Julpa Davé, a UT Arlington chemistry and criminal justice senior, says volunteering with IPOT has opened her eyes.

“I think before I started working on the Innocence Project of Texas, I took it for granted that everything the legal system did was right,” said Davé, who also appeared in the 60 Minutes story. “A lot of these people were put away for the benefit of prosecutors. The system failed. But I have faith that it will get better.”

Stickels says IPOT and others are urging the Legislature to fix the system in the spring when lawmakers meet. He said the group’s efforts are five-fold:

  • Make prosecutors responsible for professional misconduct.
  • Mandate best practices in the courtroom.
  • Increase indigent client legal representation.
  • Videotape confessions and make them available.
  • Change post-conviction rules to ease the appeals process.

“There needs to be an attitude shift in prosecutors and police,” said Stickels, who has represented clients as a defense attorney and prosecuted defendants in West Texas as a district attorney. “There has to be a presumption of innocence, not guilt. Right now the court system is skewed toward convicting people, and once convicted, that system keeps them convicted no matter what.”

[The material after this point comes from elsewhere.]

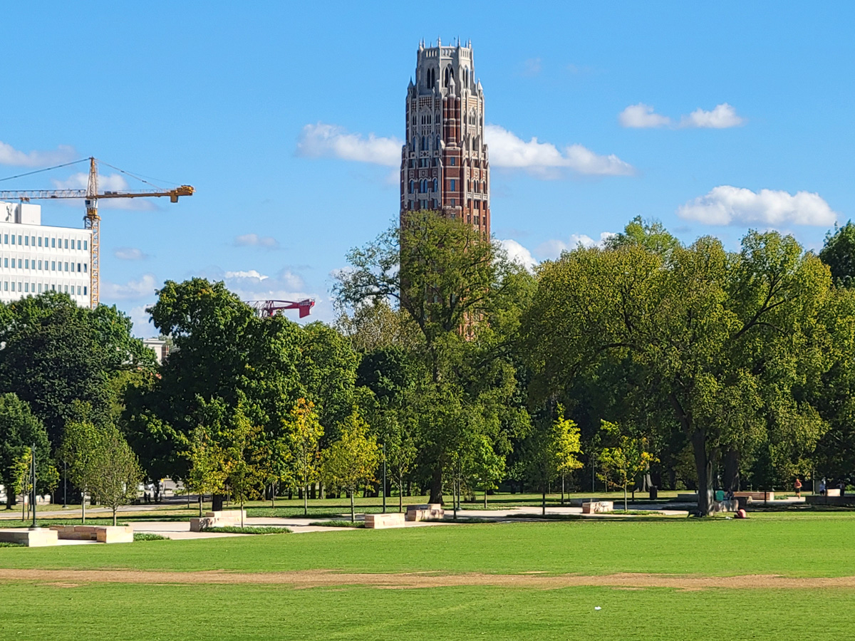 공원 잔디밭 너머로 조금 전에 대학교 정문 옆에서 봤던 것과 비슷한 외관의 빌딩이 높이 솟아있었다. 무슨 건물인지 궁금해서 찾아보니까 밴더빌트 대학교에서 오래된 아파트 스타일의 기숙사 건물을 철거하고, 그 자리에 최신 기숙사를 새로 만들면서 저 고딕양식 20층 건물인 West End Tower를 새로 건설한 것이었다.

Roger Heath, a University of New Mexico third-year law student who earned a bachelor’s degree in interdisciplinary studies at UT Arlington in 2006, believes those former Dallas County prosecutors owe it to the system as officers of the court to be concerned about wrongly convicted people.

“I think it is incumbent for the state to care,” said Heath, who continues to work on an innocence project in New Mexico and ranks his UT Arlington IPOT experience with that of any law school because of the leadership provided by Stickels. “With that said, the Dallas County DA’s office has gone from worst to first in its concern for the wrongfully convicted. It’s gone from an office that stonewalled defense attorneys to one of the most open.”

Stickels agrees.

“We couldn’t do it without their concern in the Dallas County District Attorney’s Office,” he said. “We have to trust that police officers and prosecutors will do the right thing. And 98 percent of the time, they do. It’s just taken a small percentage to make the entire system messier.”

Even though the percentage of wrongly convicted people may be small, it still bothers Stickels, Heath and everyone involved.

“There’s a great feeling for a moment,” Heath said of someone wrongly convicted being exonerated. “You’re very happy for the man who walked out of prison. But that happiness is tempered because for every guy who is freed, there are many whose evidence no longer exists to be tested. My heart goes out to those still wrongfully convicted.”

One of the men Stickels helped exonerate is Patrick Waller, who is considering enrolling at UT Arlington next semester. Waller was freed when DNA test results—something he had requested for years—proved he did not commit rape in 1992.

“He already has a bunch of hours of college credit from taking courses in prison,” Stickels said.

The fact that the Dallas County DA’s office kept evidence from these older cases is one of the system’s saving graces, Stickels says, but the fact that it took so long for Waller to get a DNA test is what needs attention.

“It’s tough but very satisfying work,” he said. “And I see signs of it turning around.”

All the students said policies and requirements are softening, especially in Dallas County. They all agree, too, that the feeling they get when someone is exonerated is like hitting a home run in the courtroom.

“I will tell you that nothing may top helping free James [Woodard] in my entire legal career,” Hoff said. “And I’d be OK with that.”